We just got our 2004 Outback 25RS-S and it has electrical cord for 30 Amp service. I understand that we will not be able to run A/C, microwave, lights, refrig, etc. all at once without possibly blowing a fuse/breaker....my question is can we hook up to 50 Amp site to avoid that using an adapter or is that not safe or smart?

Thanks! sunny


----------



## ctsoderq

Congratulations on your new trailer. We have a 2003 25 RS-S and have never had a problem running all the appliances on a 30 amp service. We have had issues with some campgrounds which have a 30 amp recepticle protected by a 15 or a 20 amp circuit breaker - it may trip (that is the campground's breaker, not your trailer) if it's not a full 30 amp circuit.

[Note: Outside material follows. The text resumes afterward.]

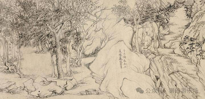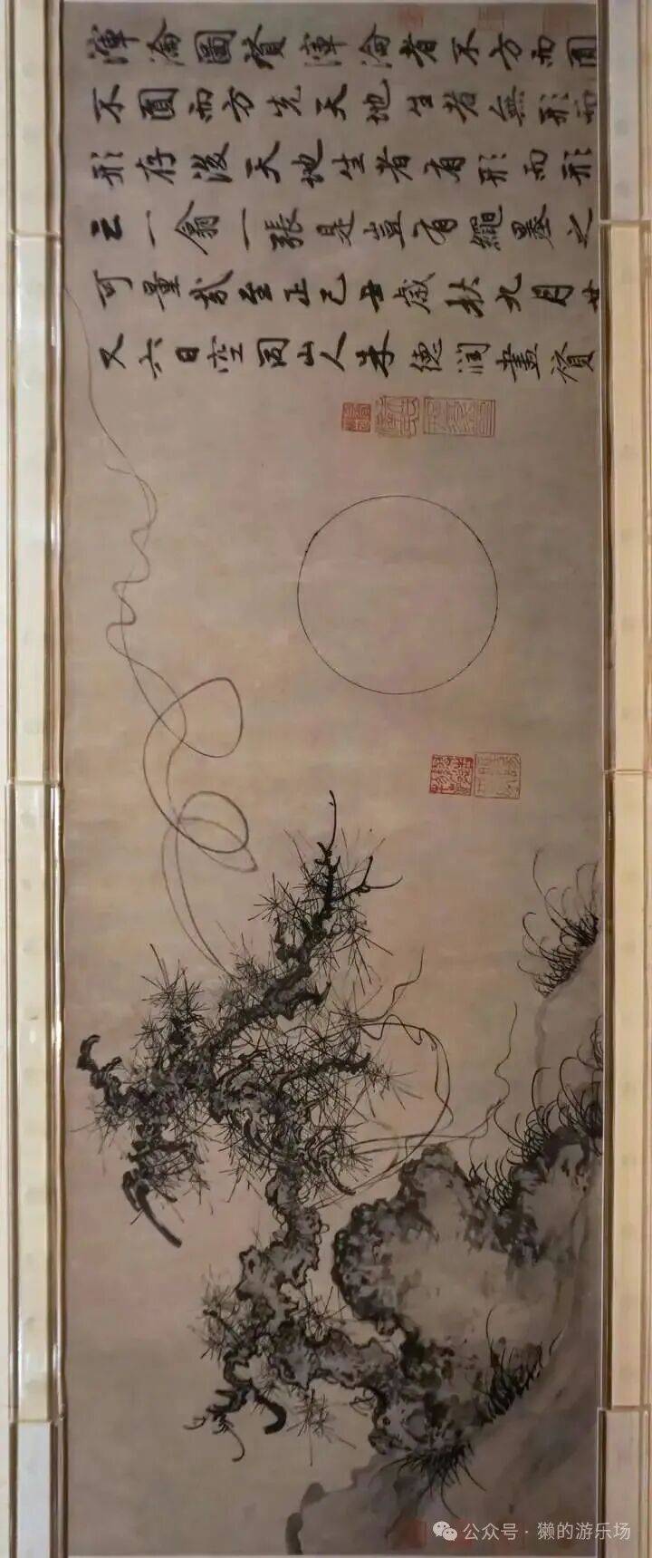 朱德润,元代著名画家、诗人。朱德润传世画作极少。此画的奇特之处在于,画面右侧绘有一个孤立而意义玄奥的圆圈,画面右侧一个孤立的玄奥圆圈,中间辅以几条曲线,画家在题跋中以 “不方而圆,不圆而方” 阐释,将道家 “道” 的宇宙本源思想融入画作,超越了传统山水画的范畴。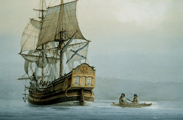 Derfor er stemningen anspændt, da man næste morgen observerer en skindbåd med otte mand, som ror ud til skibet fra kysten. Den er den 8. august 1728, og positionen er 64°30' nordlig bredde. En af eskimoerne (inuitterne) tager nogle oppustede sælblærer op fra bunden af båden og binder dem omkring sig, lader sig glide ned i vandet og svømmer over til skibet. Han kommer ombord og fortæller med hjælp af skibets tolk, at lidt nordligere drejer landet skarpt vestpå. Han beretter også, at de snart vil få en stor ø i sigte. Det er det første dokumenterede møde med de indfødte på den amerikanske nordkyst.

I bought a 50 amp to 30 amp adapter, but I understand that 50 amp service is two phase and 30 amp is single phase. This means that the most amperage you'll get out of a 50 amp plug is one phase, or 25 amps. This may be helpful if you get a site like I mentioned above that has a 30 amp service with a lower amp breaker, but also has a full 50 amp service.

Enjoy your new trailer.


----------



## aplvlykat

I also have a 25rss and have had no problems with tripping breakers. Went to Zion nat. park last year in july run the A/C, micro, and lights on a 30 amp campground service and had no trouble. That is a good idea as far as the 50-30 adapter, may just have to pick one up.


----------



## KellerJames

Hey Cats,
I ran basically the same thread at RV.NET and received all kinds of technical, in depth replies. The short of it was that using the 50 to 30 amp adaptors will be fine.
You cannot hook up a 50 amp service to a 30 amp RV without the adaptor. The plugs are different. The adaptor reduces available power to 30 amp. I'm not too savvy on electrical matters, but I do know that 30 amp wiring and service panels would not safely handle a 50 amp current. Over heating would occur. I too have ran AC, microwave and lights without a problem. We do just fine with 30 amp supply. Hope this helped. Anybody,, please correct me if I'm wrong so I will know. Happy Camping.


----------



## Cats4Nat

Thanks for all input. I think we will try to use what we need when we need it and see what happens!

David sunny


----------



## arlingtoncamper

Well believe or not I have had my trailer hooked up to a regular 15-amp supply in a state park. I was able to run all lights and the AC. However you would have to turn off the AC in order to run the microwave or a hairdryer. If you pull too many amps the circuit breaker will throw on the trailer or the shore box. I don't recommend this but it can be done.


----------